(Collected data)
++++++++++

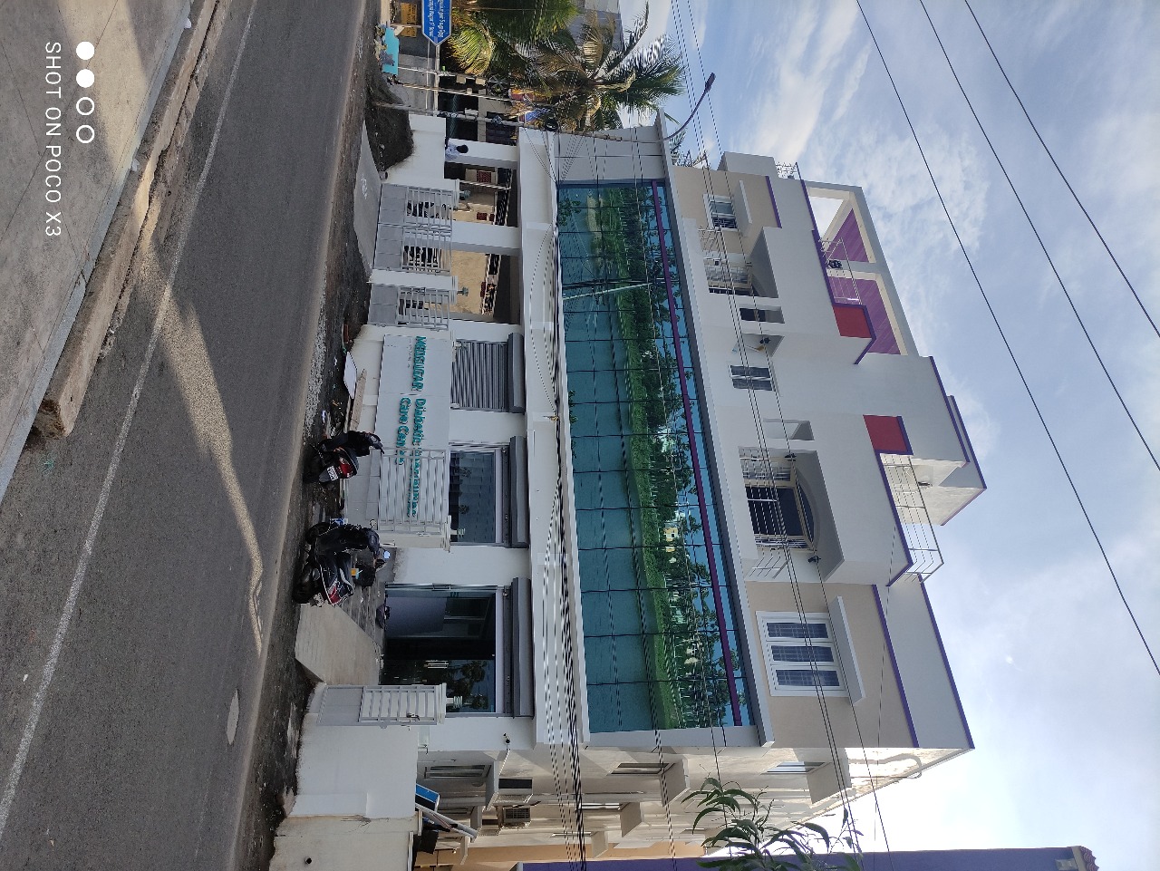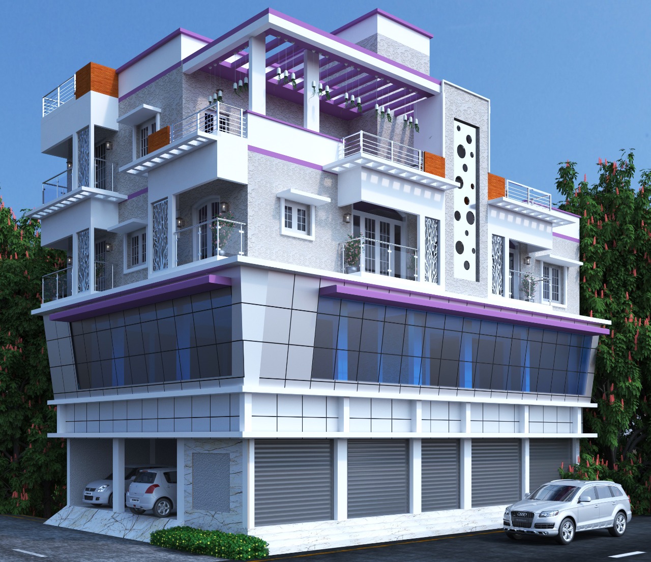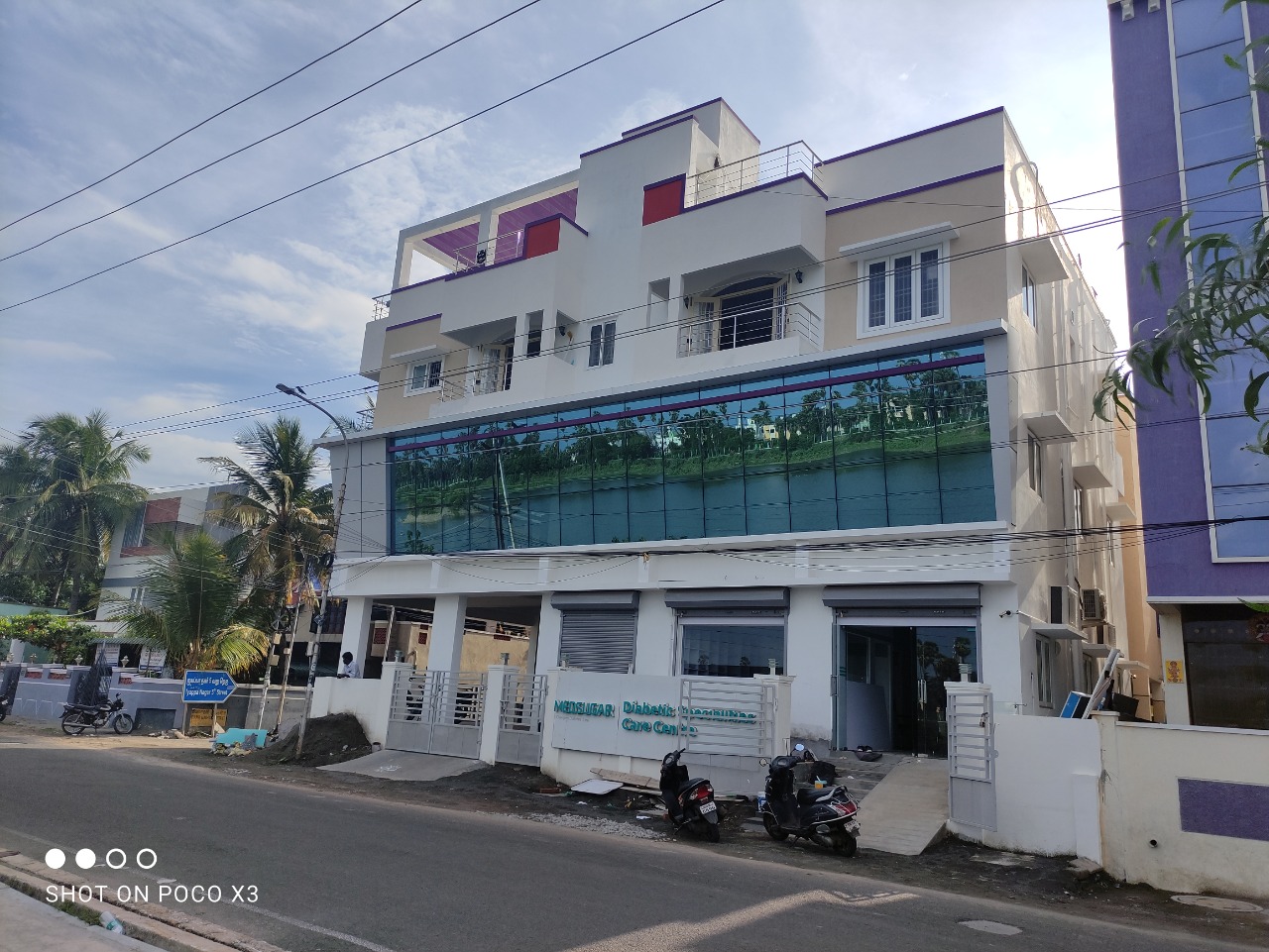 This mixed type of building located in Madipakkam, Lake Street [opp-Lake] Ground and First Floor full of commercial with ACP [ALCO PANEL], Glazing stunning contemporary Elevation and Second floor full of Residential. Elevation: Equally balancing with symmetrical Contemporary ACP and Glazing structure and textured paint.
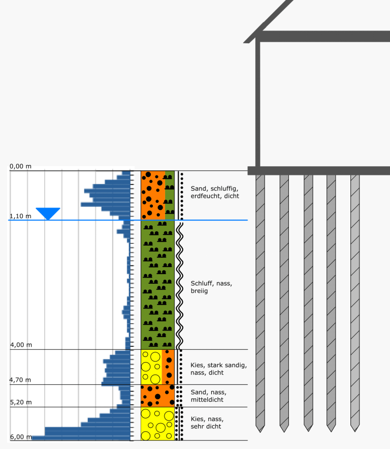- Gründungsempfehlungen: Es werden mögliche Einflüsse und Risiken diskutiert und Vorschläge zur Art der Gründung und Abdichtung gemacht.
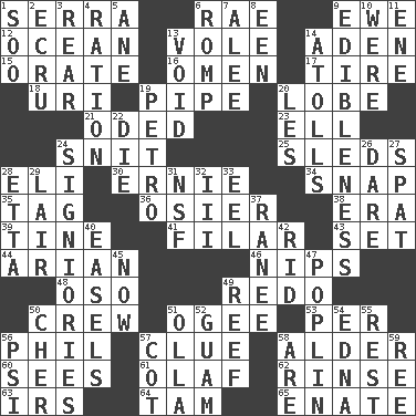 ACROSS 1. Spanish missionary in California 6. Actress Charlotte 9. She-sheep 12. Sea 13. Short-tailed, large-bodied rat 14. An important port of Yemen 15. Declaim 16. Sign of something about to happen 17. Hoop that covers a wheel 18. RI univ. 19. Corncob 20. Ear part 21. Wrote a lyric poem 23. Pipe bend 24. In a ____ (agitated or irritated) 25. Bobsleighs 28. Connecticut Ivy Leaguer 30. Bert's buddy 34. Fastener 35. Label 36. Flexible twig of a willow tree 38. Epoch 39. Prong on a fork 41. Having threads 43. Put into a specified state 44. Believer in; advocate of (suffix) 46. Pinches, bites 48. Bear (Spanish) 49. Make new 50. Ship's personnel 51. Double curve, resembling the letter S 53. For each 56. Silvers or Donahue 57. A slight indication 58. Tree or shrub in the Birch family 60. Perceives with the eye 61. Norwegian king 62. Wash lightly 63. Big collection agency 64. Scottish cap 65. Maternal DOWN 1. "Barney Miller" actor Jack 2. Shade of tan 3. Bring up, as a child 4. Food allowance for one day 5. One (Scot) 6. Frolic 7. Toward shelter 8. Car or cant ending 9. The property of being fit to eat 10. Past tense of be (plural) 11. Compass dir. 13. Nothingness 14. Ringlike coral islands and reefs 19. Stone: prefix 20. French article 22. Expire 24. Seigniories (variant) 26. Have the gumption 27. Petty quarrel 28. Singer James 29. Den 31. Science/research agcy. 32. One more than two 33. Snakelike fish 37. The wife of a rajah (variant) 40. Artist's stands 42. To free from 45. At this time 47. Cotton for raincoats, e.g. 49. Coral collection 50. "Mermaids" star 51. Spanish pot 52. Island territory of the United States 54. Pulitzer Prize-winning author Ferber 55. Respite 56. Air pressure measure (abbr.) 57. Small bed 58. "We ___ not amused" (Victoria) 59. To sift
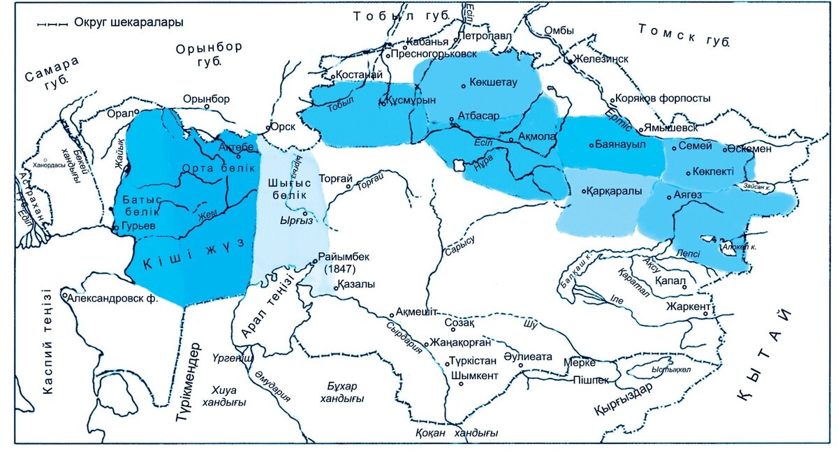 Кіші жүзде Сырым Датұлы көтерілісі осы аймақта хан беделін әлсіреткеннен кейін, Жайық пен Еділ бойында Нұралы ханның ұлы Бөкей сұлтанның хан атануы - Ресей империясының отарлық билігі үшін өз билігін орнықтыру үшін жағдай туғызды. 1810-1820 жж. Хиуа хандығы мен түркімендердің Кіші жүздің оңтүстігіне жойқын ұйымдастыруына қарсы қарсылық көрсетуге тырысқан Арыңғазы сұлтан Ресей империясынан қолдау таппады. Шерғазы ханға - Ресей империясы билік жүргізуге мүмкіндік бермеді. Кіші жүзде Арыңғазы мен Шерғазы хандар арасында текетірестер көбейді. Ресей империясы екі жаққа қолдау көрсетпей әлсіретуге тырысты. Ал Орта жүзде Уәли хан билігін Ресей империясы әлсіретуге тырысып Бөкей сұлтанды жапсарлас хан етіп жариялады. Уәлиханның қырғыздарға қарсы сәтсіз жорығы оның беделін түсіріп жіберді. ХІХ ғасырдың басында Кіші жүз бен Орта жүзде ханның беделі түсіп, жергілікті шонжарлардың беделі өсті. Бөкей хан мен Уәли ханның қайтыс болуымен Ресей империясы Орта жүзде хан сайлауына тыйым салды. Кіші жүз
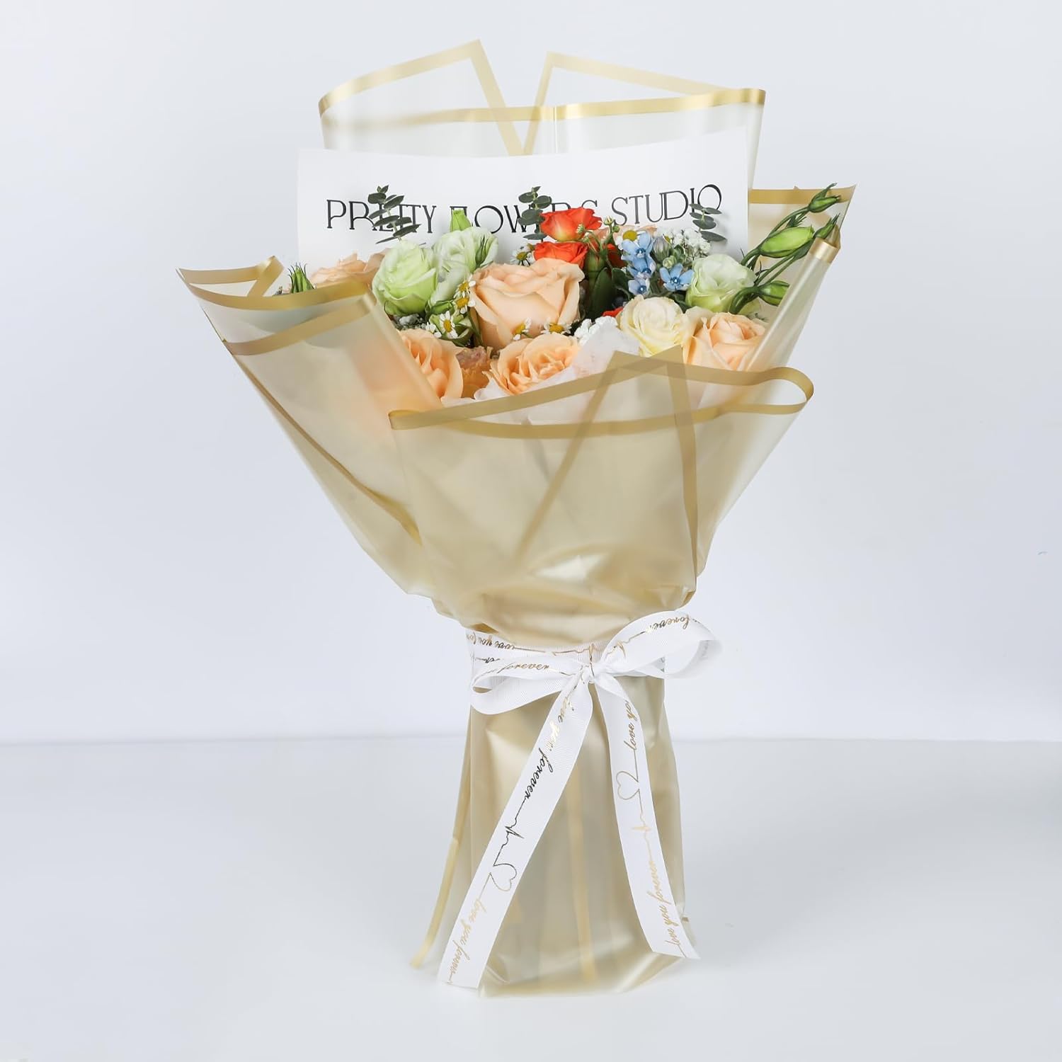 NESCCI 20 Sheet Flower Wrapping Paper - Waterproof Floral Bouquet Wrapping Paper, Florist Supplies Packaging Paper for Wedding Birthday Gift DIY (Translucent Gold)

++++++++++

§ **WORK TASK**
Copy word for word each line of the data above, from the first through the one containing "- Gründungsempfehlungen: Es", and include no pictures.

§ **OUTPUT OF THE EXERCISE**
 This mixed type of building located in Madipakkam, Lake Street [opp-Lake] Ground and First Floor full of commercial with ACP [ALCO PANEL], Glazing stunning contemporary Elevation and Second floor full of Residential. Elevation: Equally balancing with symmetrical Contemporary ACP and Glazing structure and textured paint.
- Gründungsempfehlungen: Es werden mögliche Einflüsse und Risiken diskutiert und Vorschläge zur Art der Gründung und Abdichtung gemacht.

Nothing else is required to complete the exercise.